# Kaplan GMAT Sample Problem: Problem Solving Combinations

- Aug 16, 06:00 AM Comments [0]

Combinations questions on the GMAT are considered challenging by many test-takers, but once you know the combinations formula and how to use it, most of the challenge is really just deciphering and visualizing what the word problem is asking. Be sure not to get intimidated when you first read a question like this, and try to work through it step by step.

Problem:
Of the 5 distinguishable wires that lead into an apartment, 2 are for cable television service, and 3 are for telephone service. Using these wires, how many distinct combinations of 3 wires are there such that at least 1 of the wires is for cable television?
(A) 6
(B) 7
(C) 8
(D) 9
(E) 10

Solution:
This is a combinations problem, but with an added twist. Instead of just finding how many groups of three wires we can make, we need to find how many groups of three wires we can make that include at least one cable wire.

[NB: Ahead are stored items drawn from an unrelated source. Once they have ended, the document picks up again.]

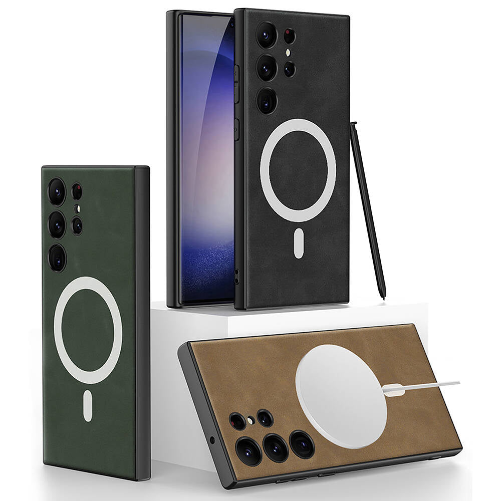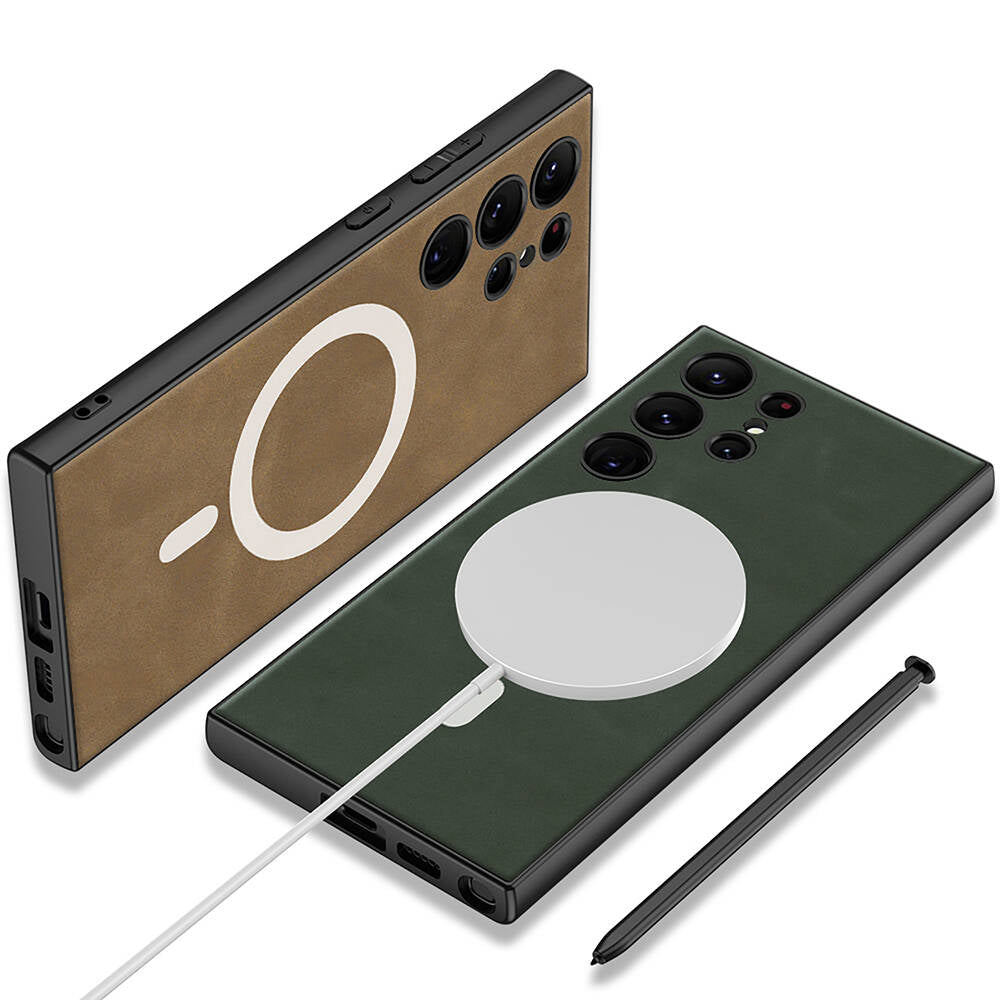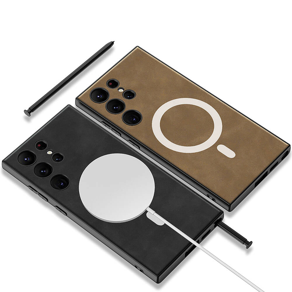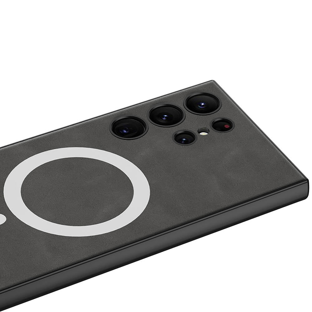 Galaxy S24 Ultra Kılıf M-safe Şarj Özellikli Deri Tasarımlı Zore Kıpta Nubuk Kılıf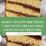 A classic homemade yellow butter birthday cake with a rich milk chocolate buttercream frosting, perfect for celebrations. This moist and fluffy cake combines the comforting flavors of vanilla and butter, layered with creamy chocolate frosting for a deliciously indulgent treat.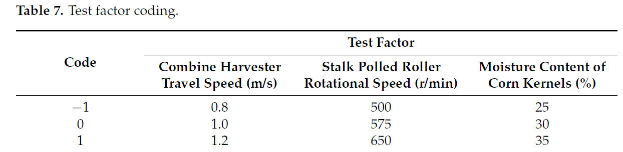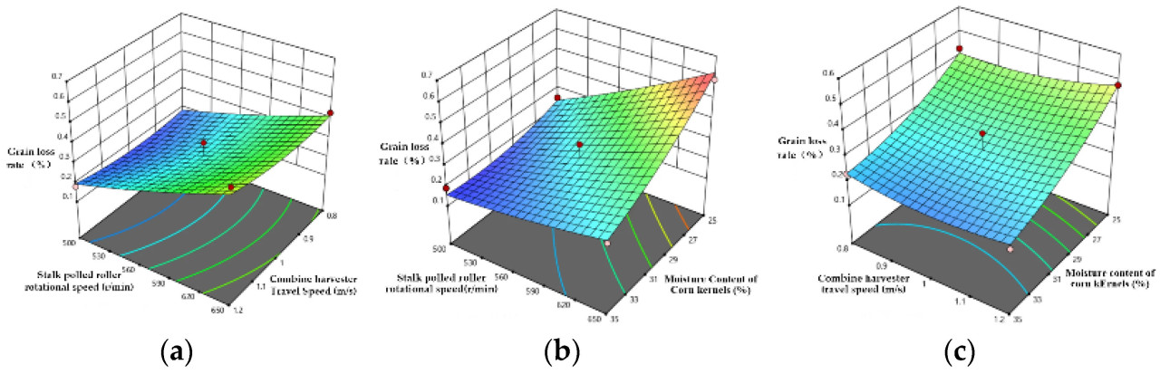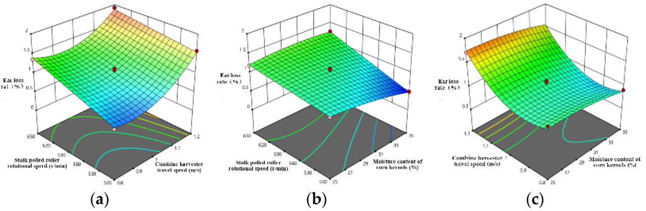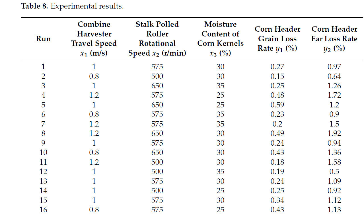 Существует три основных фактора [ 27 , 28 , 29 ], влияющих на эффективность уборки и комбайна: скорость комбайна, скорость катка и влажность зерна кукурузы. Как показано в таблице 7 , для проверки вышеуказанных факторов использовался метод экспериментального проектирования Бокса-Бенкена с использованием скорости потери початков кукурузы и скорости потери початков в качестве индикаторов, при этом влажность зерен кукурузы постоянно контролировалась, и эксперименты проводились, как только влажность зерен кукурузы соответствовала экспериментальным требованиям.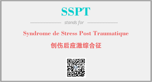 上述内容是“Syndrome de Stress Post Traumatique”作为“SSPT”的缩写,解释为“创伤后应激综合征”时的信息,以及英文缩略词SSPT所代表的英文单词,其对应的中文拼音、详细解释以及在英文中的流行度和相关分类、应用领域及应用示例等。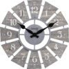 - IT’S IN THE DETAILS – Our round Numeral Windmill Wall Clock has a gray printed faux shiplap face, a galvanized silver painted finish, and is made of plastic with metal hands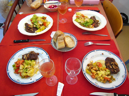 最大好處是可以住在妹妹家,品嘗她精心烹調的法式家常菜。出國念書前只擅長做甜點的妹妹,到了號稱美食國度的法國,廚藝果然不同凡響。怎麼說呢,留學生既要認真念書(?)又要打理三餐,所以煮飯一定要快狠準。我們每天早出晚歸回家已經累癱在床上,她卻可以立刻衝到宿舍旁的超市採買、火速煮出美味豐盛晚餐供大家享用,令我們訝異不已。她說其實只要食材新鮮,加點香料就可以提升食材蘊含的自然鮮味、創造出口感佳營養足又快速的料理。而且用餐時一點也不馬虎喔,精緻餐具搭配美酒、法國麵包,再來一點音樂,就像在西餐廳用餐呢!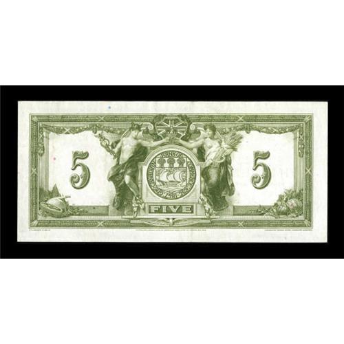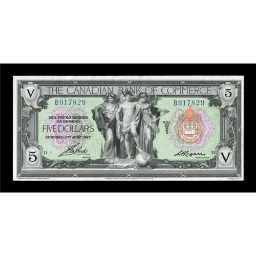 <B>Toronto, ON- The Canadian Bank of Commerce</B></I> $5 Jan. 2, 1917 Ch. # 75-16-04-06a<BR> The allegorical 1917 issue is the first issue from this bank which is readily available in well circulated condition. High grade examples, however, are difficult to find in the lower denominations (save for the $5 with the white background, which is very rare in all grades) and just plain scarce in the higher value notes. This $5 note bears the green face tint and small Logan signature. <B>About Uncirculated.</B></I><BR><I>From The Thomas M. Flynn Collection</B></I><BR><BR><b>Shipping:</b> Coins & Currency (<a target="_blank" href="http://www.heritageauctions.com/common/shipping.php">view shipping information</a>)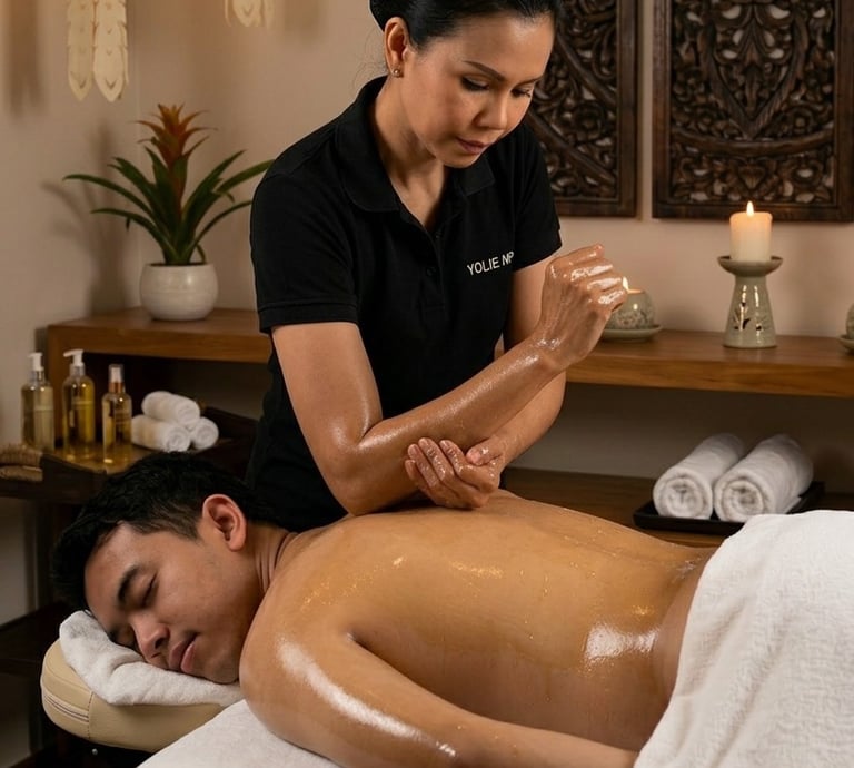 Our Light Mobility Fusion is the perfect middle ground for clients who find traditional stretching too intense. We blend a soothing Swedish oil massage with very light, graceful movements to open up your joints. No deep pulls—just soft, rhythmic motion to help you feel light and refreshed.

Before we worry about the twist, however, we can calculate the number of combinations of three wires we can make, regardless of type of wire. To do this we use the combinations formula, which is n!/(k!(n-k)!). Since we are given five wires and we want to create groups of three, n=5 and k=3, making the formula 5!/(3!(5-3)!). This can be simplified in the following way:
5!(3!2!) =
(5x4x3x2x1)/(3x2x1)(2x1)
Once we cancel out numbers that appear on both the top and bottom of the equation, we get:
(5x4)/2 =
20/2 =
10

Now that we know there are ten different combinations in total, we need to eliminate any that do not include at least cable television wire. As we start with only three telephone wires, the sole combination that would not include any cable television wires is one that includes exactly the three telephone wires. Therefore, only one combination exists, from the original 10, that does not include at least one cable television wire. We eliminate this one outcome from our total, leaving us with 9 possible combinations, which is choice (D).

~Bret Ruber